### PROVIDED DATA
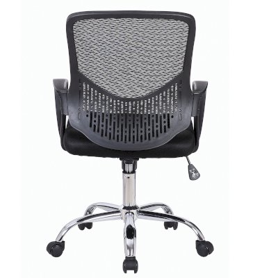 Спинка кресла выполнена из прочного сетчатого акрила с оригинальным "узором". Материал обладает высокой воздухопроницаемостью, легко чистится, способен подстраиваться под физиологические изгибы спины, при этом сохраняет форму и не растягивается. Залогом комфортного использования кресла также является эргономичная форма надёжного пластикового каркаса.
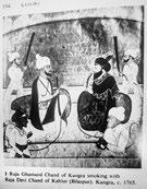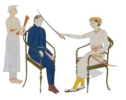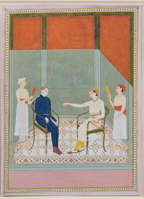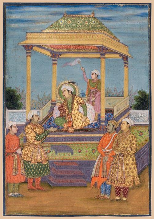 Fig. 1 The Mughal artist Balchand, detail from the painting in the PadshahnamaofJahangir welcomingShahJahanonhis return from the Mewar Campaign in 1615
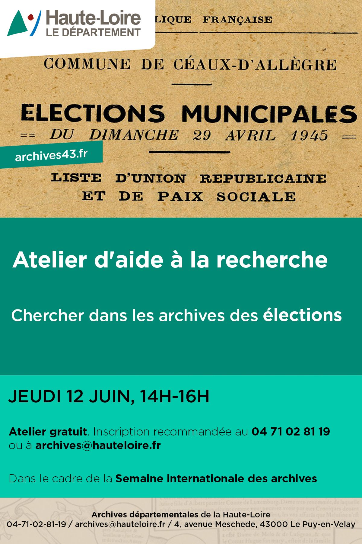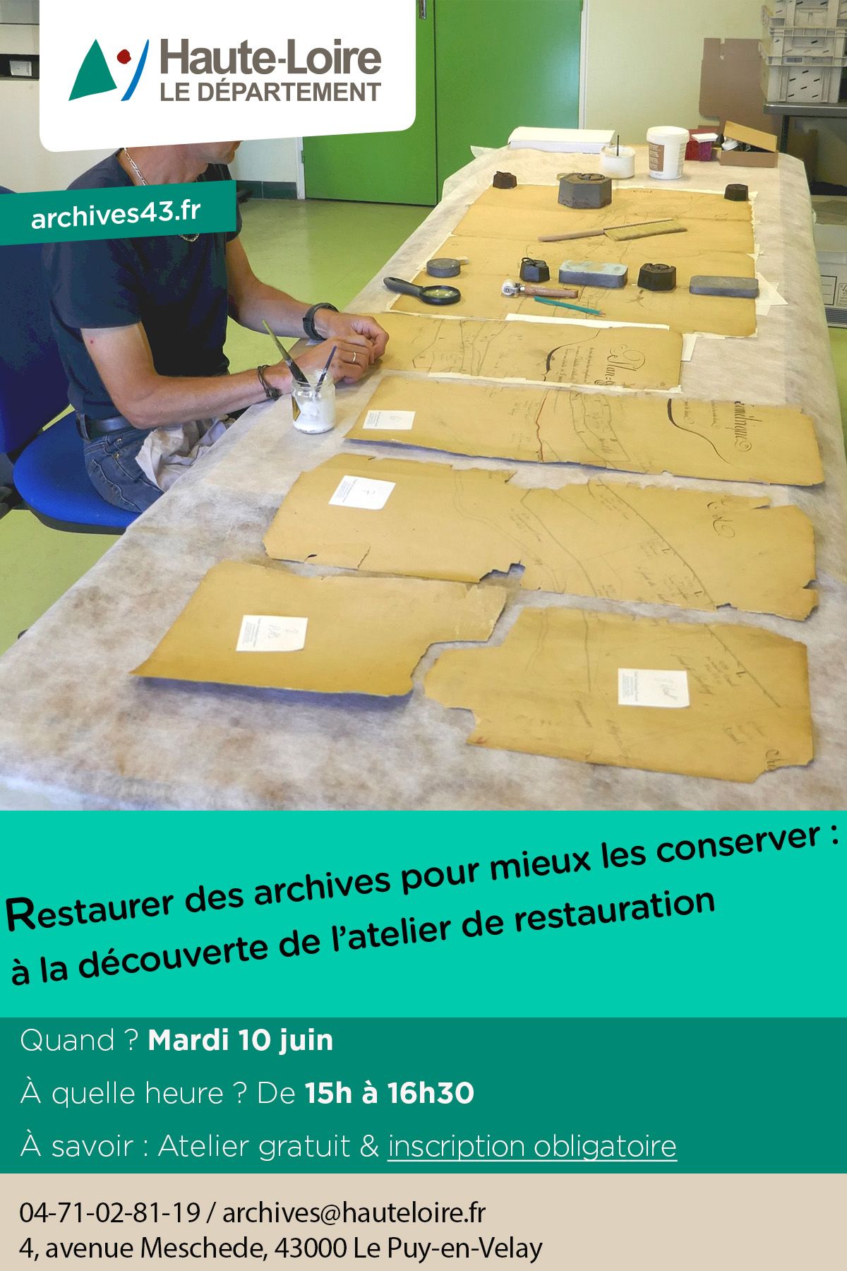 Accès gratuit & inscription recommandée à archives@hauteloire.fr ou au 04 71 02 81 19

### PROBLEM
Would you output the full listing exactly as it stands, minus the images?

### RESPONSE
 Спинка кресла выполнена из прочного сетчатого акрила с оригинальным "узором". Материал обладает высокой воздухопроницаемостью, легко чистится, способен подстраиваться под физиологические изгибы спины, при этом сохраняет форму и не растягивается. Залогом комфортного использования кресла также является эргономичная форма надёжного пластикового каркаса.
 Fig. 1 The Mughal artist Balchand, detail from the painting in the PadshahnamaofJahangir welcomingShahJahanonhis return from the Mewar Campaign in 1615
 Accès gratuit & inscription recommandée à archives@hauteloire.fr ou au 04 71 02 81 19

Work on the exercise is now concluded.